It's above freezing right now.
Oh!
Yeah.
Well, that's good.
And at the end of November, December, it will be minus 5 to minus 9 degrees.
Centigrade.
Centigrade, yes.
So, you may not like it, but I think it's happening.
There's nothing up there either.
You could cross the border.
Now you've got real problems.
Where are you going to go?
What towns are in that part of Norway?
Well...
Let's take a look at the map.
I'm going to zoom in.
Yeah, we have...
Okay, so there's a couple of hick places.
I mean, I can't even...
Okay, there's a town.
Yeah.
There's a couple of towns.
Yeah, I'll bet you those places are fantastic.
Yeah.
You know what?
Maybe this is...
We have a Norwegian knight.
I know what's going on.
It's easy.
Hey, I know how to get rid of him.
Tell him there's a route up north and let him freeze in the snow and die.
Well, that element's in play.
Well, let me see.
We have...
Okay.
There's a train from St.
Petersburg to Murmansk.
Just in.
Okay, well, you're on your way, you have to pedal 100 miles in the snow.
Yeah.
What's worse, walking thousands of miles through the mud or pedaling a little bit through the snow?
Yeah.
This whole thing is Merkel's fault.
Well, yeah.
And everybody in Germany knows it.
Everybody in Europe knows it.
Which brings me to Philip from Germany.
Hey, John and Adam, Philip from Germany here.
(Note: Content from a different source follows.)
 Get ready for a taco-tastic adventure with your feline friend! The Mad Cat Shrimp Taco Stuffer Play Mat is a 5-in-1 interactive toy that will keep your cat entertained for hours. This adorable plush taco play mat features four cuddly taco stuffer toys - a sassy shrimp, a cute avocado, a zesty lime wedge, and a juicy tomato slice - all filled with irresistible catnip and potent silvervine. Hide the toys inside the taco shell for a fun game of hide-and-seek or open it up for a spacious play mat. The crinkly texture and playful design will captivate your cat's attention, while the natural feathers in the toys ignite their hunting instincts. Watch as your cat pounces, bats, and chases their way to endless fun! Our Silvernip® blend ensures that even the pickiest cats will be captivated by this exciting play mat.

I'd like to offer some perspective on the refugee crisis and Germany's efforts to deal with the migrants.
I work 100 meters from a camp as a dude named Ben slash designer.
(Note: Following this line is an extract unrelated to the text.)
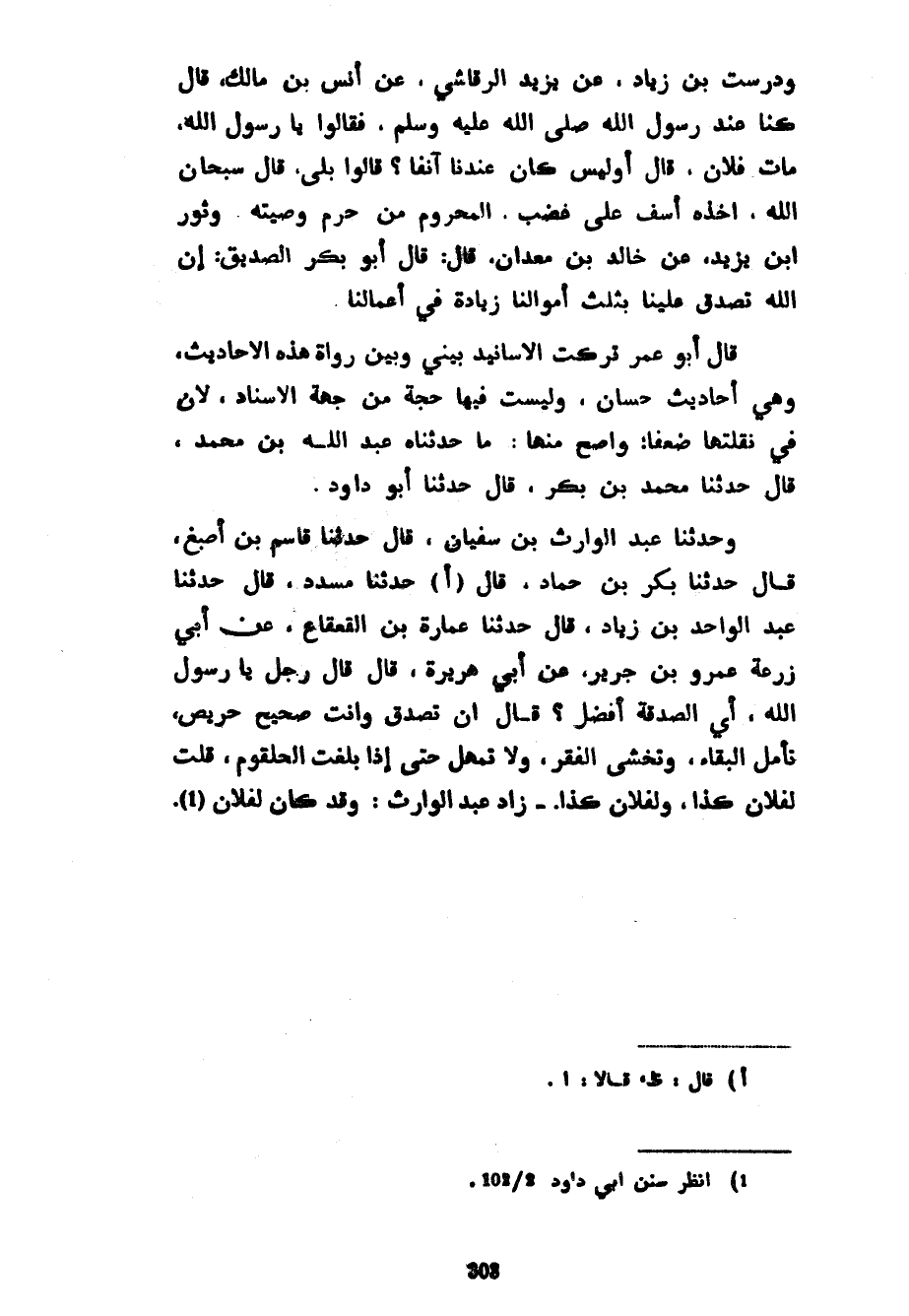 وَدُرُسْتُ بْنُ زِيَادٍ عَنْ يَزِيدَ الرَّقَاشِيِّ عَنْ أَنْسِ بْنِ مَالِكٍ قَالَ كُنَّا عِنْدَ رَسُولِ اللَّهِ صَلَّى اللَّهُ عَلَيْهِ وَسَلَّمَ فَقَالُوا يَا رَسُولَ اللَّهِ مَاتَ فُلَانٌ قَالَ أَوْ لَيْسَ كَانَ عِنْدَنَا آنِفًا قَالُوا بَلَى قَالَ سُبْحَانَ اللَّهِ أَخَذَهُ أَسَفٌ عَلَى غَضَبٍ الْمَحْرُومُ مِنْ حُرِمَ وَصِيَّتَهُ وَثَوْرُ بْنُ يَزِيدَ عَنْ خَالِدِ بْنِ مَعْدَانَ قَالَ قَالَ أَبُو بَكْرٍ الصِّدِّيقُ إِنَّ اللَّهَ تَصَدَّقَ عَلَيْنَا بِثُلُثِ أَمْوَالِنَا زِيَادَةً فِي أَعْمَالِنَا قَالَ أَبُو عُمَرَ تَرَكْتُ الْأَسَانِيدَ بَيْنِي وَبَيْنَ رُوَاةِ هَذِهِ الْأَحَادِيثِ وَهِيَ أَحَادِيثُ حِسَانٌ وَلَيْسَتْ فِيهَا حُجَّةً مِنْ جِهَةِ الْإِسْنَادِ لأن في نقلتها ضعفا واضح مِنْهَا مَا حَدَّثَنَاهُ عَبْدُ اللَّهِ بْنُ مُحَمَّدٍ قَالَ حَدَّثَنَا مُحَمَّدُ بْنُ بَكْرٍ قَالَ حَدَّثَنَا أَبُو دَاوُدَ وَحَدَّثَنَا عَبْدُ الْوَارِثِ بْنُ سُفْيَانَ قَالَ حَدَّثَنَا قَاسِمُ بْنُ أَصْبَغَ قَالَ حَدَّثَنَا بَكْرُ بْنُ حَمَّادٍ قَالَ حَدَّثَنَا مُسَدَّدٌ قَالَ حَدَّثَنَا عَبْدُ الْوَاحِدِ بْنُ زِيَادٍ قَالَ حَدَّثَنَا عِمَارَةُ بْنُ الْقَعْقَاعِ عَنْ أَبِي زُرْعَةَ عَمْرِو بْنِ جَرِيرٍ عَنْ أَبِي هُرَيْرَةَ قَالَ قَالَ رَجُلٌ يَا رَسُولَ اللَّهِ أَيُّ الصَّدَقَةِ أَفْضَلُ قَالَ أَنْ تَصَدَّقَ وَأَنْتَ صَحِيحٌ حَرِيصٌ تَأْمُلُ الْبَقَاءَ وَتَخْشَى الْفَقْرَ وَلَا تُمْهِلُ حَتَّى إِذَا بَلَغَتِ الْحُلْقُومَ قَلْتَ لِفُلَانٍ كَذَا وَلِفُلَانٍ كَذَا زَادَ عَبْدُ الْوَارِثِ وَقَدْ كَانَ لِفُلَانٍ

There are also some that are opening up near where I live.
I talked to a doctor and people who work for the companies building the camps.
In the recent years, Germany increasingly didn't have enough housing.
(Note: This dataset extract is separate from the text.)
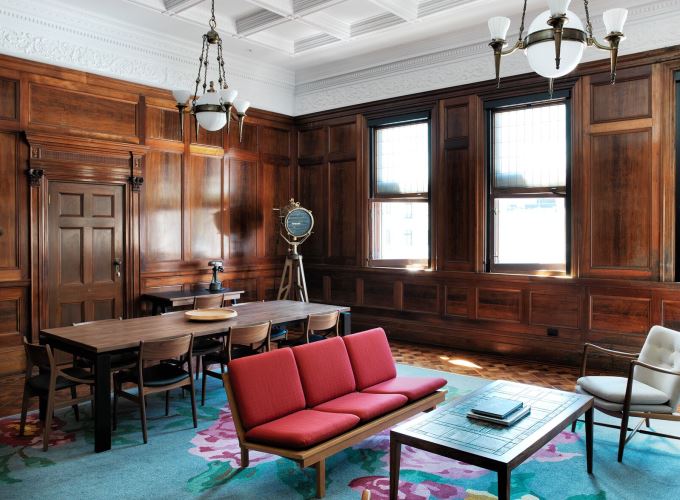 For his latest project Peng collaborated with local architects Tonkin Zulaikha Greer to transform the iconic old Clare Hotel pub and the next door Carlton United Breweries buildings into the hippest of new boutique hotels. The Sydney-based architecture firm understands the history of the area; its bohemian past (think indie rock, crims artists and intellectuals) and its trendy future (Chippendale cool). The result is a Hotel showcases the existing beauty of the original buildings - exposed brick, bare concrete, and old timber panelling - with vintage furniture, bespoke furnishings and 21st century technology. Large, original windows bathe interiors in light, spotlighting a colour scheme of greys, whites and warm wood tones. While the two buildings are linked by a glass walkway.

One theory is that Merkel is building these houses now with EU money with the plan to use these houses as cheap housing for students of universities or low-income families once the refugees leave.
There are already plans to build permanent housing, and the German economy seems to be thriving with all these contracts for construction companies and others.
Oh yeah, sure.
With EU money.
Perfect.
I think it's a good plan and really hope most people will be leaving the country rather soon.
Yeah, good luck.
Mental luck.
Many of these economic refugees, quotes, refugees, are entitled.
Don't respect the property of others or the goods that are given to them for help.
Groups are ganging up on police, shitting in doorways so nobody will come in.
Female helpers in the camps are not allowed to use the toilet without an escort since too many of them have been raped.
They also started destroying camps until the organizers threatened to turn off the Wi-Fi hotspots.
Oh yeah.
If you want to calm a population down, turn off the Wi-Fi.
That's great.
Cleaning companies are...
They don't have toilets, but they got Wi-Fi hotspots.
This isn't great.
Cleaning companies are refusing to clean these camps because the conditions are unbearable.
There's disease.
They were trying to enter a military base in a neighboring town, so they had to ship them off somewhere else.
They walk on country roads in the dark.
Police cannot deal with other crime anymore since they're always dealing with refugee-related issues.
And all the organizing parties in different levels of the government are not talking to each other, which only furthers the chaos that has already ensued.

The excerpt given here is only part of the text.